Travail en détention
Le travail en détention
Les règles sur le travail en détention, la rémunération, les indemnités d’attente, la maladie et les interruptions de travail, avec des explications sur vos possibilités de déposer une plainte.
Travailler en détention permet d’occuper la journée et peut aider à préparer le retour dans la société. La participation n’est pas obligatoire, mais votre implication peut être prise en compte dans les décisions concernant votre programme. Des règles distinctes s’appliquent à l’offre de travail, à la rémunération et aux situations dans lesquelles vous ne pouvez pas travailler.
Système pénitentiaire
Pas d’obligation de travailler, mais une obligation de proposer du travail
Depuis la Wet Straffen en beschermen (loi sur les sanctions et la protection), le droit au travail et l’obligation de travailler ont tous deux été supprimés. Selon l’article 47 de la Penitentiaire beginselenwet (Pbw, loi sur les principes pénitentiaires), l’établissement peut permettre aux personnes détenues de participer aux travaux disponibles. Le directeur dispose d’une marge de décision, mais doit examiner avec soin toute demande de travail.

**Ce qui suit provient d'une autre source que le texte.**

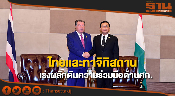 ในโอกาสนี้ ประธานาธิบดีทาจิกิสถาน แสดงความตั้งใจที่จะเร่งผลักดันความร่วมมือกับไทย โดยเฉพาะด้านที่ไทยมีความเชี่ยวชาญและประสบการณ์ เช่น ด้านการท่องเที่ยว และด้านการเกษตร ซึ่งไทยยินดีถ่ายทอดความรู้และประสบการณ์ เช่น การเกษตรอินทรีย์ และการแปรรูปอาหาร โดยยินดีต้อนรับคณะจากทาจิกิสถานไปศึกษาดูงานจากไทย ทั้งนี้ ทาจิกิสถานยังได้ให้ความสนใจต่อแนวทางการพัฒนาและการแก้ปัญหาความยากจนของไทย ซึ่งนายกรัฐมนตรีได้เสนอแนะและพร้อมแลกเปลี่ยนแนวทางการการพัฒนาอย่างยั่งยืนตามหลักปรัชญาของเศรษฐกิจพอเพียง โดยมีกลไกประชารัฐที่รัฐบาลใช้ขับเคลื่อนเพื่อสร้างความเข้มแข็งจากภายใน

Le principe reste que chaque personne détenue se voit proposer du travail, y compris dans le basisprogramma (programme de base). La nature ou la courte durée de la détention peut toutefois y faire obstacle. L’article 1a de la Regeling arbeid gedetineerden (Rag, règlement sur le travail des personnes détenues) prévoit une zorgplicht (obligation de diligence) : le directeur doit s’efforcer de rendre du travail disponible.

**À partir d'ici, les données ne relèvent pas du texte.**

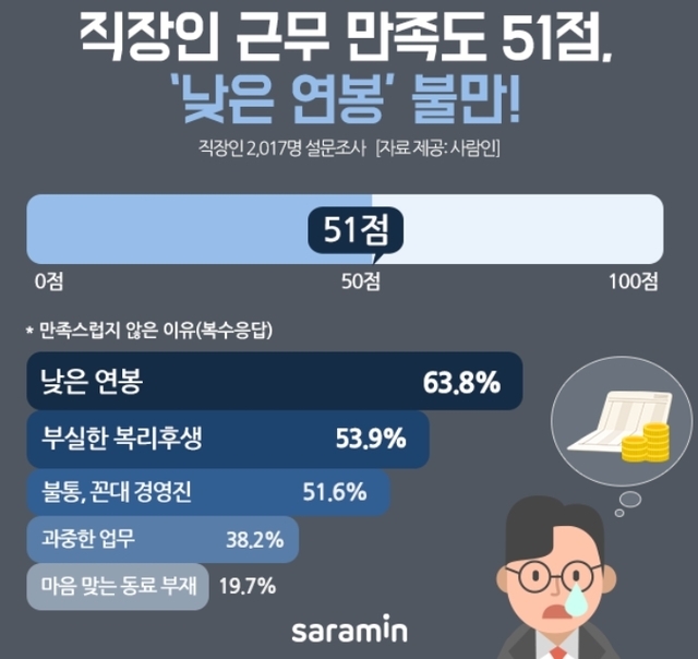 근무 만족도를 ‘점수화’하면 평균 51점으로 낙제점인 것으로 분석됐다.

Cette obligation ne s’applique notamment pas :
- pendant les deux premières semaines de détention ;
- pendant les huit premières semaines dans une arrestantenafdeling (unité pour certaines catégories de personnes arrêtées) ;
- en cas d’exclusion durable en raison du comportement au travail, si le directeur en a décidé ainsi sur le fondement de l’article 1a, alinéa 2, de la Rag.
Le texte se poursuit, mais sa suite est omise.